$H_n \equiv \sum_{i=1}^n 1/i$. Then, we show that:
$\begin{aligned}
\lim_{n \rightarrow \infty} \left| H_{n+1} - H_n \right|
&= \left| \frac{1}{n+1} - \frac{1}{n} \right| \\
&= \frac{1}{(n+1)n} \rightarrow 0
\end{aligned}$

$\begin{aligned}
&\lim_{n \rightarrow \infty} \left| H_{2n} - H_n \right| \\
&= \left|\frac{1}{2n} - \frac{1}{n} \right| \\
&= \sum_{i=n+1}^{2n} \frac{1}{n+1} + \frac{1}{n+2} + \dots + \frac{1}{2n} \\
&\geq \sum_{i=n+1}^{2n} \frac{1}{2n} + \frac{1}{2n} + \dots + \frac{1}{2n} \\
&\geq \frac{n}{2n} = \frac{1}{2} \neq 0 \text{on} x \rightarrow \infty
\end{aligned}$

#### § Memorable solution: logarithm

We can much more simply choose $a_n = \log(n)$. This yields the simple
calculation:
$\begin{aligned}
&\lim_{n \rightarrow \infty} a_{n+1} - a_n = \log(n+1) - \log(n) \\
&= \log((n+1)/n)) \\
&= \log(1 + 1/n) \xrightarrow{n \rightarrow \infty} \log(1) = 0
\end{aligned}$

while on the other hand,
$\begin{aligned}
\lim_{n \rightarrow \infty} a_{2n} - a_n
= \log(2n) - \log(n)
= \log(2) + \log(n) - \log(n)
= \log 2 \neq 0
\end{aligned}$

I find this far cleaner conceptually, since it's "obvious" to everyone
that $a_n = \log(n)$ diverges, while the corresponding fact for $H_n$
is hardly convincing.
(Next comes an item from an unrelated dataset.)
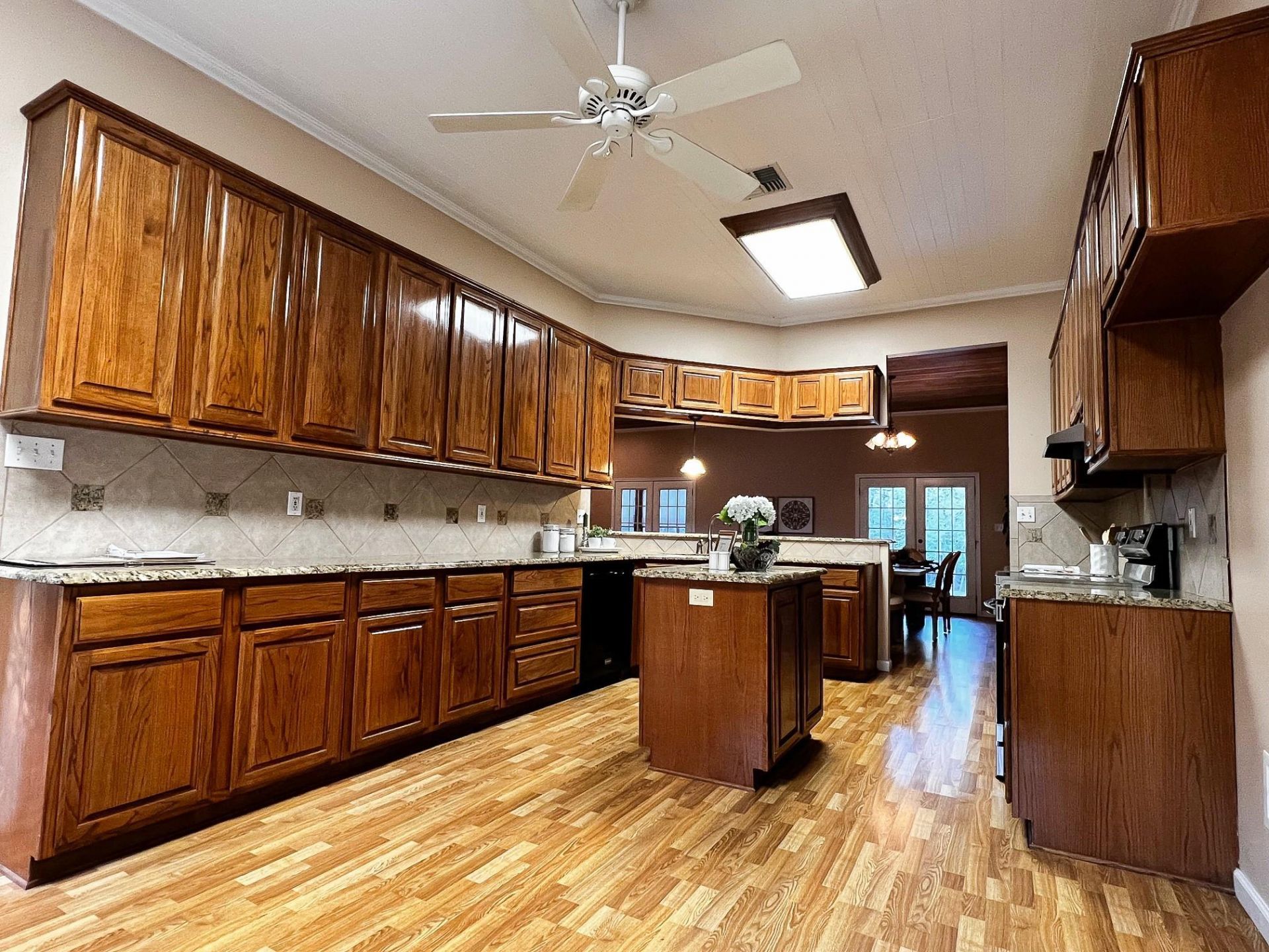 This beautiful custom home is nestled on 2.43 acres in one of the most sought-after locations in the heart of Fayette County, centrally located between Houston, Austin and San Antonio. Enjoy a quiet setting, elevated on the bluff, set back under towering oak trees with year-round patio enjoyment, daily deer and seasonal birds. Custom built in 1998 and well maintained by one owner, the home features enhanced steel and concrete foundation, #1 grade lumber, engineered trusses, 2x6 outer wall framing and added insulation for strength and longevity. The exterior is brick on all four sides with a 2018 composition roof and four large porches, including a wraparound front porch. Inside are approx. 4,091 sq. ft. of quality construction with multiple sitting areas, open living spaces and a huge family room with brick fireplace that opens to the dining room and kitchen. The kitchen was renovated 8?10 years ago with granite counters, undermount sink, center island and breakfast room with great windows. Stove and refrigerator can convey. The large master suite includes an ensuite bath with tub, separate shower, double sinks, walk-in closet with built-ins and an exterior door to a covered back porch overlooking the backyard. Four spacious guest bedrooms?two oversized?plus three guest bathrooms. An open loft area offers additional living/TV space. A large sunroom spans the back of the home with windows overlooking the yard. The oversized laundry room includes a utility sink, closet, half bath and access to the side porch and 598 sq. ft. garage with opener and extra oven. Outside is a circular drive with two entrances from Panorama Road, outdoor sink and faucets, and a 1,680 sq. ft. metal building/shop with concrete floor, 110/220 electric, abundant lighting and a partition ideal for RV or boat storage. All on a beautiful, tree-shaded 2.43 acres just outside La Grange on highly coveted Panorama Road

We also get straightforward equalities everywhere,
instead of inequalities.
I still feel that I don't grok what precisely fails here, in that, my intuition
still feels that the local condition *ought * to imply the Cauchy condition:
if $a_n$ tells $a_{n+1}$ to not be too far, and $a_{n+1}$ tells $a_{n+2}$,
surely this *must * be transitive?
I have taught my instincts to not trust my instincts on analysis, which is a
shitty solution :) I hope to internalize this someday.
*EDIT: * I feel I now understand what's precisely happening
after ruminating a bit.
The Cauchy convergence criterion allows us to drop a finite number
of terms, and then capture *everything after that point * in a ball
of radius $\epsilon$. As $\epsilon$ shrinks, *all * the terms in the
sequence are "squeezed togeher".
In the $a_{n+1} - a_n$ case, only successive terms must maintain
an $\epsilon$ distance. But as the $\log$ example shows, you can steadily
plod along, keeping $\epsilon$ ball next to $\epsilon$ ball, to reach:
$\lim_{n \rightarrow \infty} \lim_{\epsilon \rightarrow 0} f(n) \cdot \epsilon$

whose behaviour can do unexpected things depending on the choice of $n$.